Calculating the Cost of Water Scarcity on the NHH Market

Applicant: Public First

Sponsor: South East Water

Delivery Partner: Waterwise

Aim

This project aims to assess the economic impact of reducing business water demand and the consequences of inaction. It will explore business attitudes towards water scarcity and its implications for commercial growth. By analysing water use trends, economic impacts and policy influence, the project seeks to create awareness and encourage regulatory action to support demand reduction.

Project Update

Date Update

30 September 2025

The project team will present their progress at the RWG Water Efficiency Sub Group on 16 Oct. This will cover: 

- The review of data shared by MOSL

- The approach and methodology used in the project's modelling

- The findings of the project's literature review, which includes characterisation of the landscape and potential policy change

- Early scoping on the design of the business polling, which will provide validation on the findings to date.

12 August 2025

Public First, working with MOSL, has defined the data needed for a complex, forward-looking analysis of water scarcity. Measuring scarcity is challenging due to uncertainties in projecting growth and demand. To overcome this, Public First has built an aqua-economic model that integrates local, regional, and national datasets, plus recent non-household water use trends and sectoral breakdowns. The model links development and business growth to water availability, quantifying where scarcity constrains growth and expressing this in monetary terms.

Making this data available delivers clear benefits: enabling customers to take informed action to support national water security; providing sector-specific insights into behavioural shifts and emerging risks; and positioning water alongside energy and carbon in corporate risk planning.
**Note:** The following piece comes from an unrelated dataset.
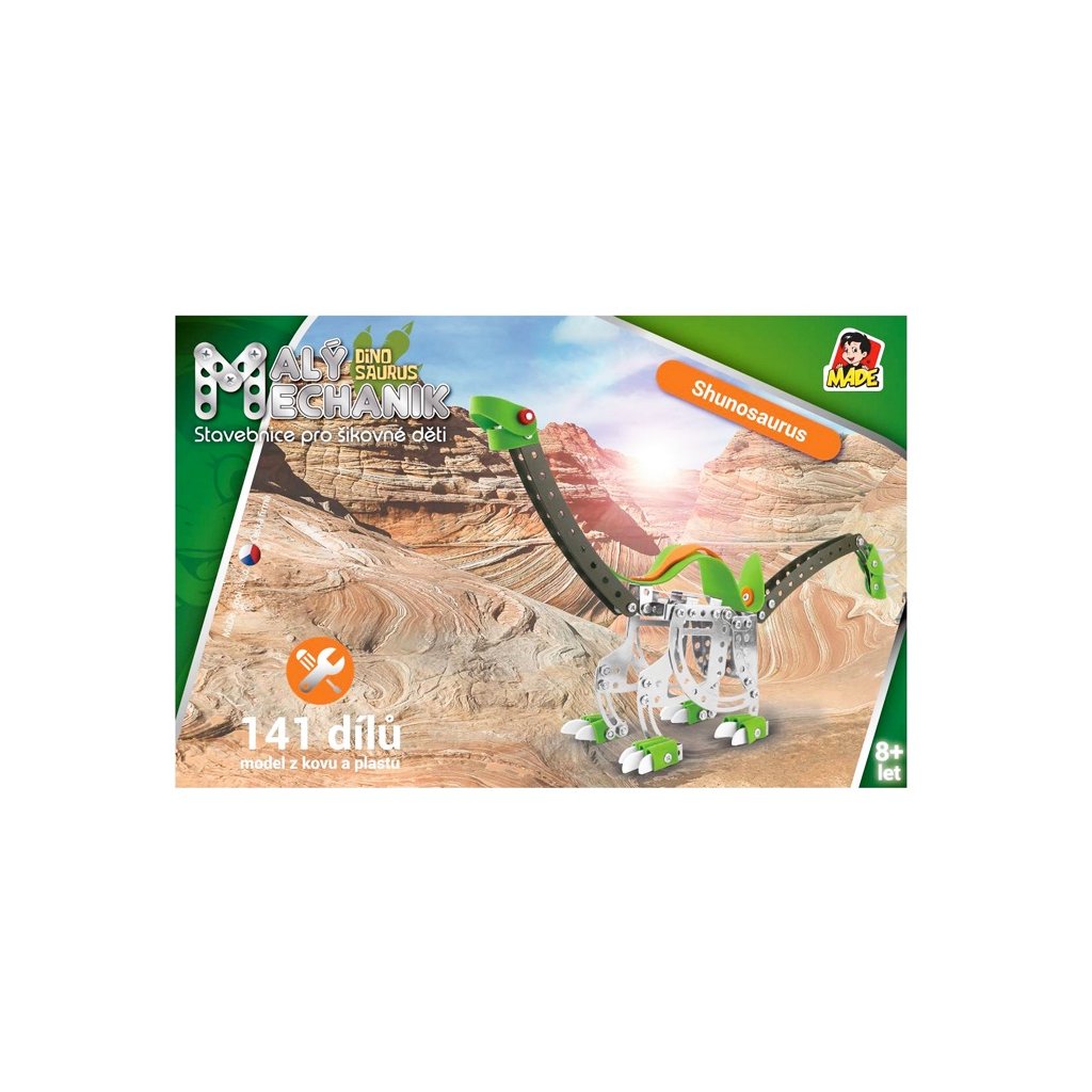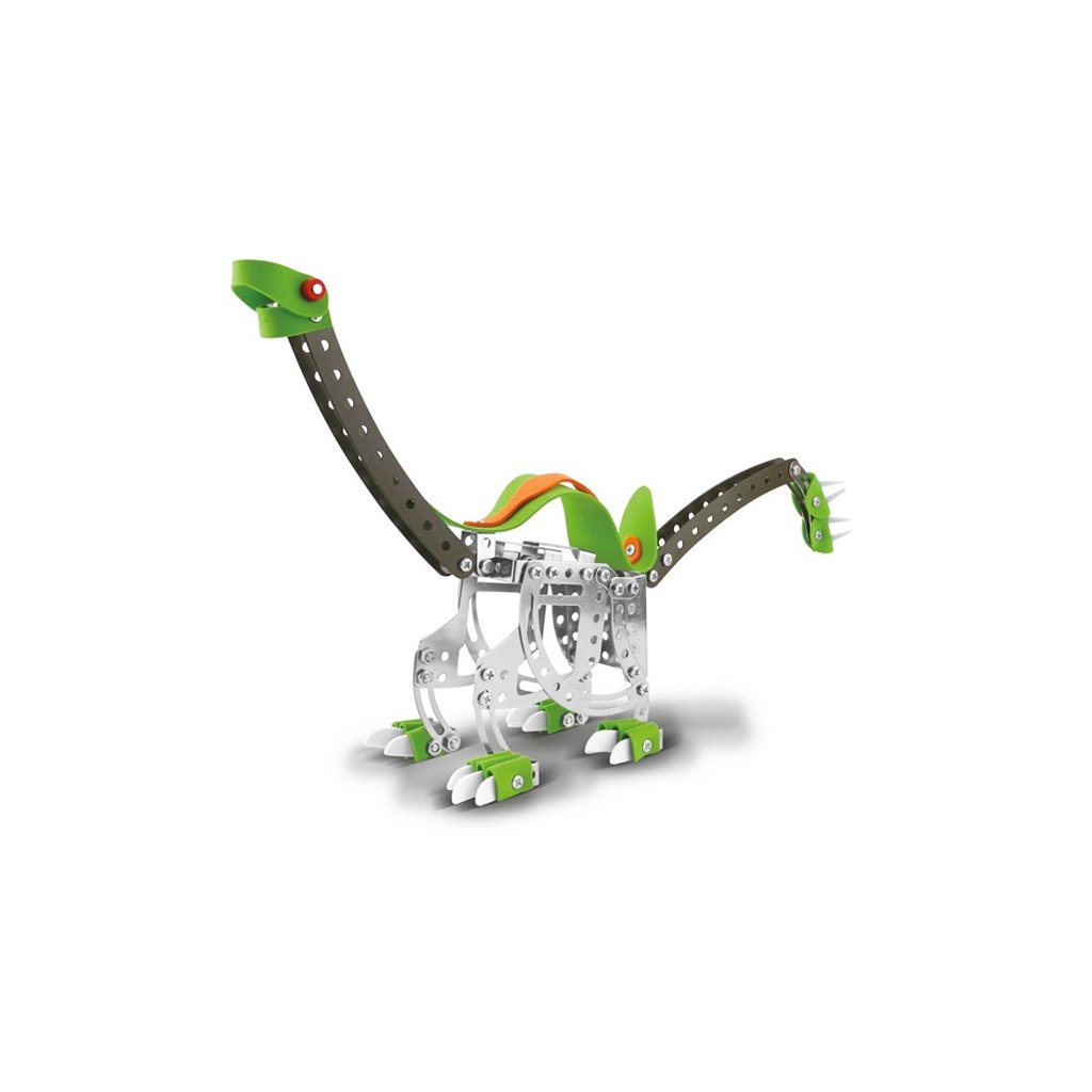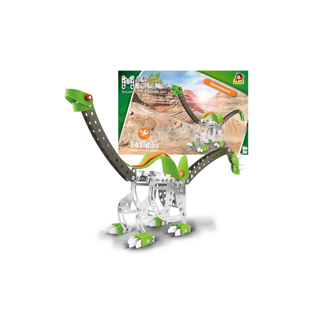 Malý mechanik - apatosaurus. Detská stavebnica Malý mechanik obsahuje kovové diely a plastové doplnky, spája pomocou šróbikov a matiček. 141 dielkov. Český box v grafickom dizajne rady Malý mechanik.

Economic benefits are assessed by mapping water resource plan data to local economic indicators, estimating unmet demand from new growth drivers, and valuing lost growth. Potential interventions are then modelled for their capacity to unlock constrained development.

 

Project milestones are:

 

August 2025

- Project start and kick off meeting 

- Review of data on changing customer water use, and macro policy changes 

- Initial characterisation of the landscape 

 

August/September 2025

- Economic modelling of the benefits of demand reduction 

 

October 2025

Business polling to understand customer attitudes

 

November 2025

Final Report 

January 2026

This project is approaching its final report. It gathered feedback from 607 business decision-makers in England to understand attitudes to water scarcity, water use, and preparedness for future risks. Initial findings suggest that non-household water usage is not declining, which risks up to £10.2 billion of economic growth. Public First noted that just two days of drought-related curtailment could cut business revenues by an average of 23.2%. Smaller business customers recognise water scarcity as a risk but are not acting at scale. Many expect their water use to grow with business activity, and although most express interest in efficiency, smaller firms are more likely to say they do not know how to reduce consumption. In contrast, larger customers are more likely to recognise water shortages as a material business risk and to have clearer strategies in place, but they also expect continued growth in water demand. Together, this gap between concern, capability, and rising demand increases the economic risk of inaction across the business retail market.